*** MATERIAL FOR THE TASK Section Begins ***

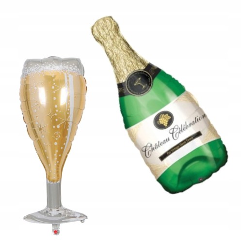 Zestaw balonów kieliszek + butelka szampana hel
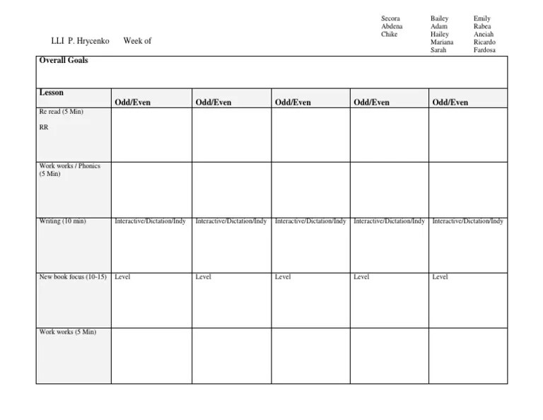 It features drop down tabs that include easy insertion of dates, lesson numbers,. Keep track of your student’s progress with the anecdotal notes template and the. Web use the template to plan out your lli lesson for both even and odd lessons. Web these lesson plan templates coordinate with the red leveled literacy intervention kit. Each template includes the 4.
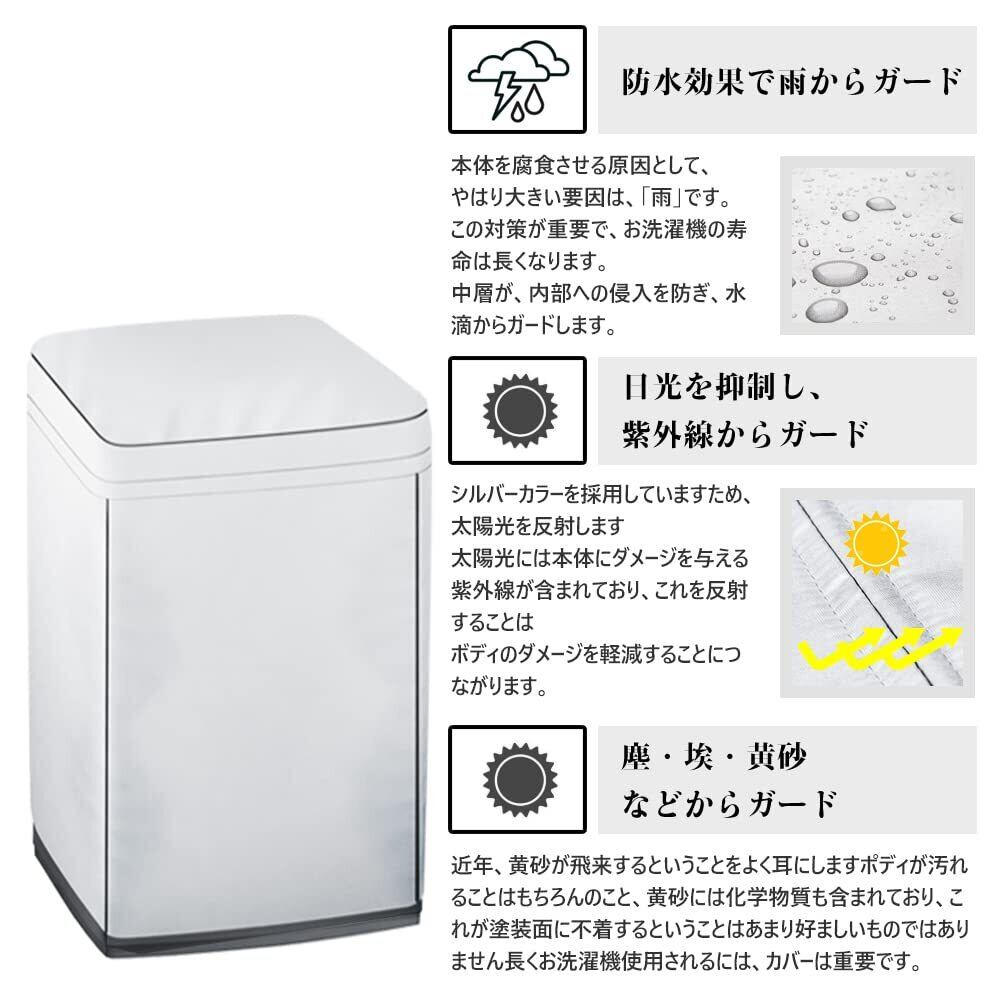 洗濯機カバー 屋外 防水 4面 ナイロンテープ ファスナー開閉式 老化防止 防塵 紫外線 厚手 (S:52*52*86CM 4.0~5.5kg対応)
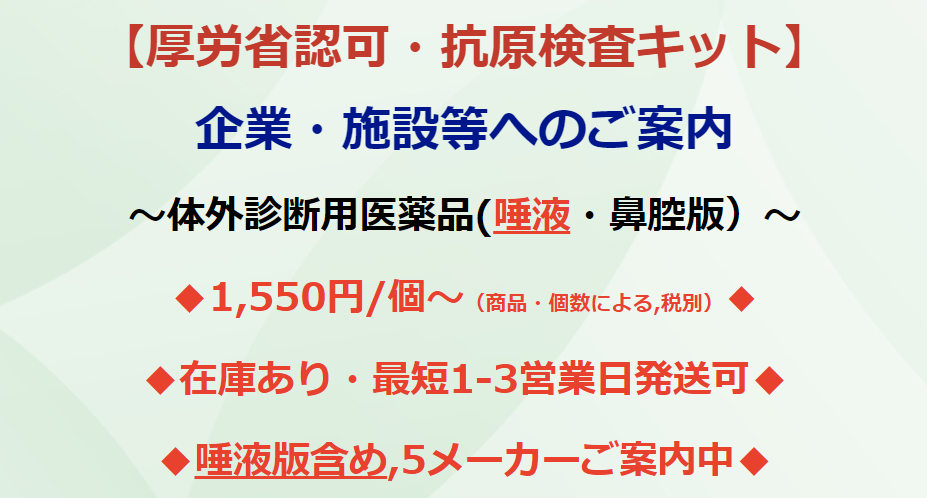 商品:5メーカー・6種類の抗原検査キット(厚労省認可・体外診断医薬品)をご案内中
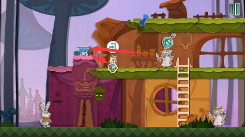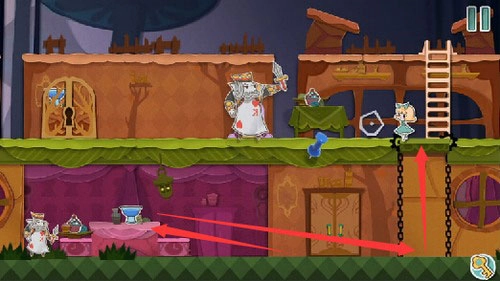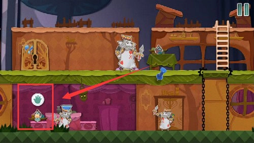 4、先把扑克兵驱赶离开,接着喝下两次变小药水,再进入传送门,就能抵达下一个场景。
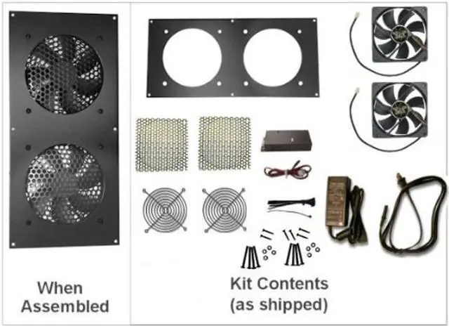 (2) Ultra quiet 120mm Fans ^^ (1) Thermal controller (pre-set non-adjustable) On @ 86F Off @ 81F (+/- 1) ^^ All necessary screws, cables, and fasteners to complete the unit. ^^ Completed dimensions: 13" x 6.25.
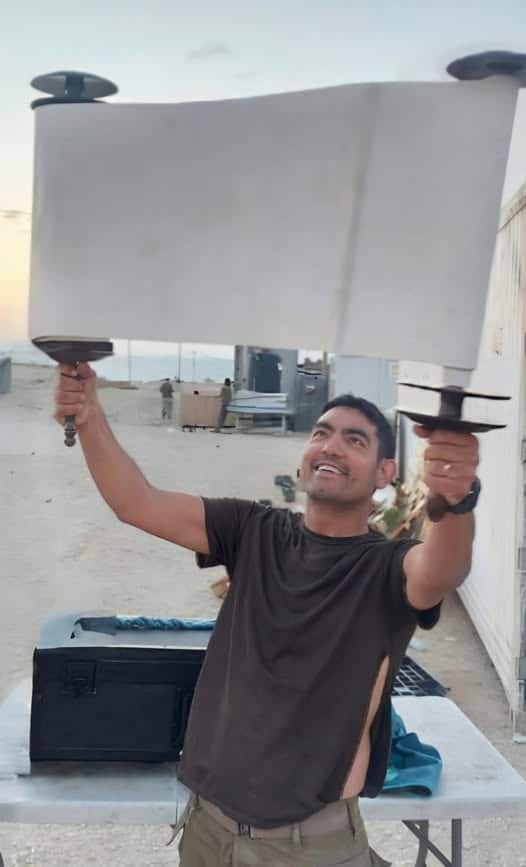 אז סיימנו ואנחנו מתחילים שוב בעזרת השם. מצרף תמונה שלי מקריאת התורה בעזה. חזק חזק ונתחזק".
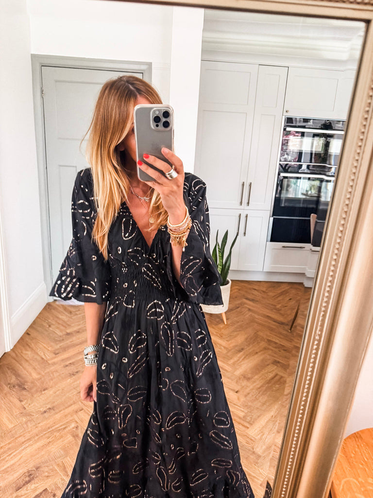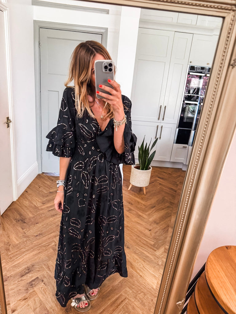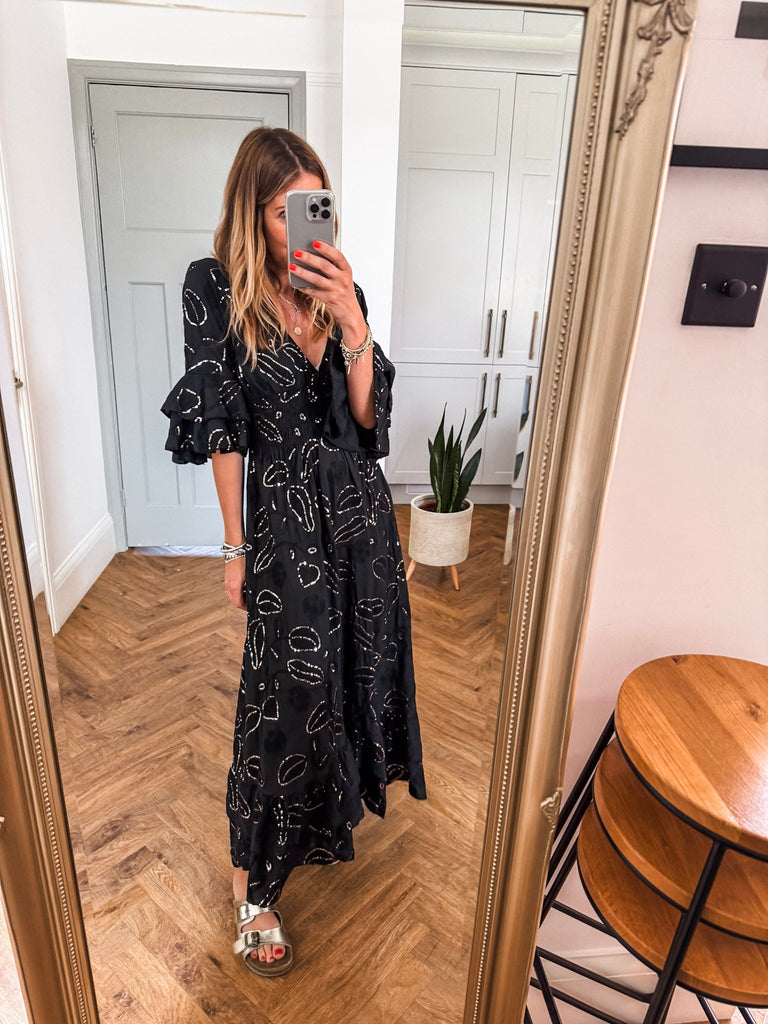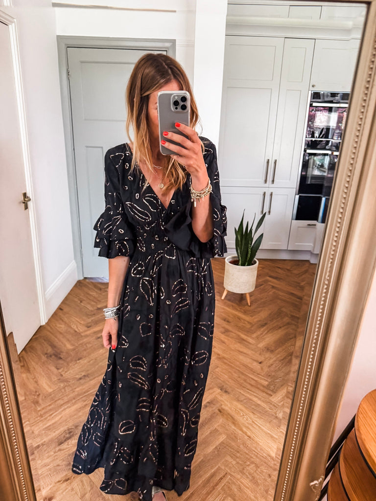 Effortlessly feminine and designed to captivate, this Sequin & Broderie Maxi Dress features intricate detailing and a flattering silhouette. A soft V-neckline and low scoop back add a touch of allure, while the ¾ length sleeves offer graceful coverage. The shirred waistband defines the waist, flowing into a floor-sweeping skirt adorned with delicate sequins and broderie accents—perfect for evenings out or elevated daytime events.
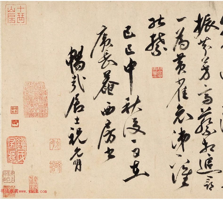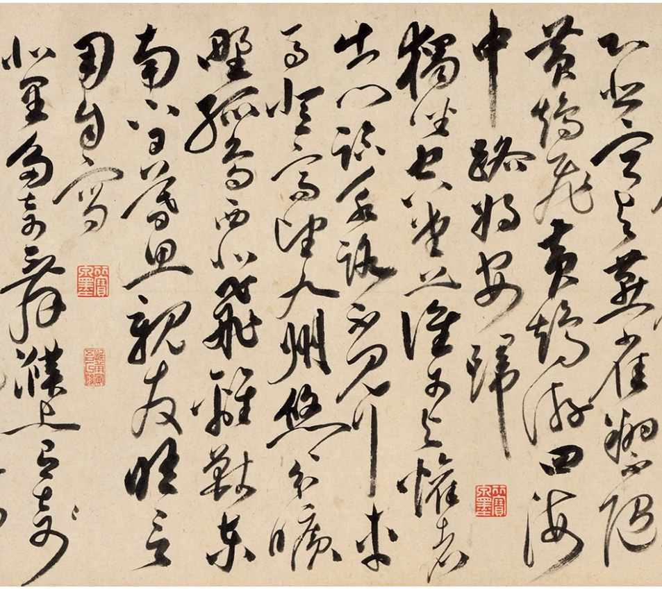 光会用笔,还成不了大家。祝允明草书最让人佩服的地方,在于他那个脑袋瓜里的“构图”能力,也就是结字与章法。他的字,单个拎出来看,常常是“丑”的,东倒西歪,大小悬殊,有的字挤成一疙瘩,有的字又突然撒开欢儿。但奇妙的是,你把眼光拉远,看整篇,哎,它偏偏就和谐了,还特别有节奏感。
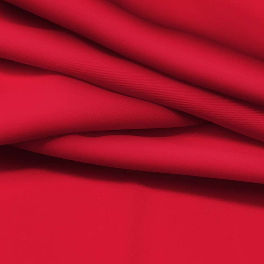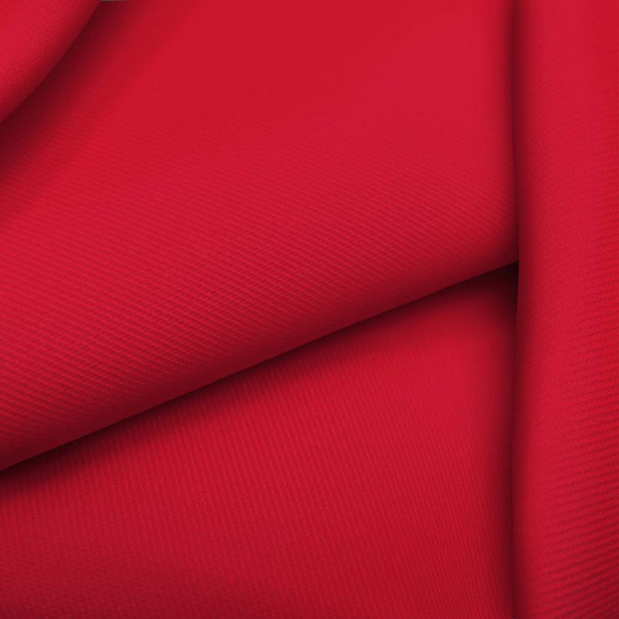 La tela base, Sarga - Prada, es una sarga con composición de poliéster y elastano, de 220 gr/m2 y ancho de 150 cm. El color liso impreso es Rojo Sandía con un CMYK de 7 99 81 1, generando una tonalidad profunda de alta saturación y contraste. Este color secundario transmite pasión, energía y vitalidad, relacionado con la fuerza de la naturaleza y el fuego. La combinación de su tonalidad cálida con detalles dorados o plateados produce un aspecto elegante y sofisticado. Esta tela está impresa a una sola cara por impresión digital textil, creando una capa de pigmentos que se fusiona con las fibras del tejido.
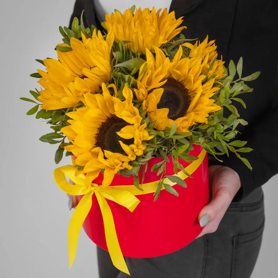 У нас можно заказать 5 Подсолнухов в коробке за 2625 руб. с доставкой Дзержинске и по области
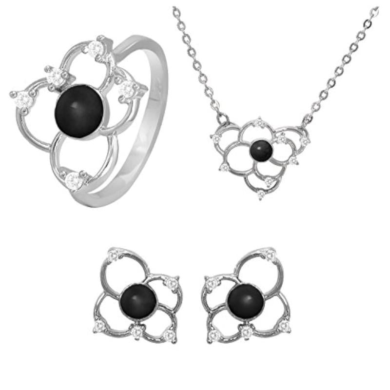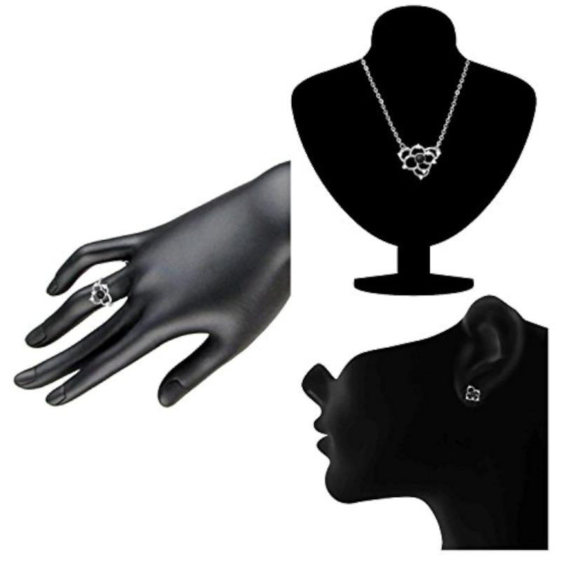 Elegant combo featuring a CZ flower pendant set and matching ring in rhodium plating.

*** MATERIAL FOR THE TASK Section Ends ***

> **WHAT IS REQUIRED**
Nothing but the lines from the beginning of the material above through the line containing "Effortlessly feminine and" should appear in the answer, copied exactly and free of pictures.

> **ANSWER BELOW**
 Zestaw balonów kieliszek + butelka szampana hel
 It features drop down tabs that include easy insertion of dates, lesson numbers,. Keep track of your student’s progress with the anecdotal notes template and the. Web use the template to plan out your lli lesson for both even and odd lessons. Web these lesson plan templates coordinate with the red leveled literacy intervention kit. Each template includes the 4.
 洗濯機カバー 屋外 防水 4面 ナイロンテープ ファスナー開閉式 老化防止 防塵 紫外線 厚手 (S:52*52*86CM 4.0~5.5kg対応)
 商品:5メーカー・6種類の抗原検査キット(厚労省認可・体外診断医薬品)をご案内中
 4、先把扑克兵驱赶离开,接着喝下两次变小药水,再进入传送门,就能抵达下一个场景。
 (2) Ultra quiet 120mm Fans ^^ (1) Thermal controller (pre-set non-adjustable) On @ 86F Off @ 81F (+/- 1) ^^ All necessary screws, cables, and fasteners to complete the unit. ^^ Completed dimensions: 13" x 6.25.
 אז סיימנו ואנחנו מתחילים שוב בעזרת השם. מצרף תמונה שלי מקריאת התורה בעזה. חזק חזק ונתחזק".
 Effortlessly feminine and designed to captivate, this Sequin & Broderie Maxi Dress features intricate detailing and a flattering silhouette. A soft V-neckline and low scoop back add a touch of allure, while the ¾ length sleeves offer graceful coverage. The shirred waistband defines the waist, flowing into a floor-sweeping skirt adorned with delicate sequins and broderie accents—perfect for evenings out or elevated daytime events.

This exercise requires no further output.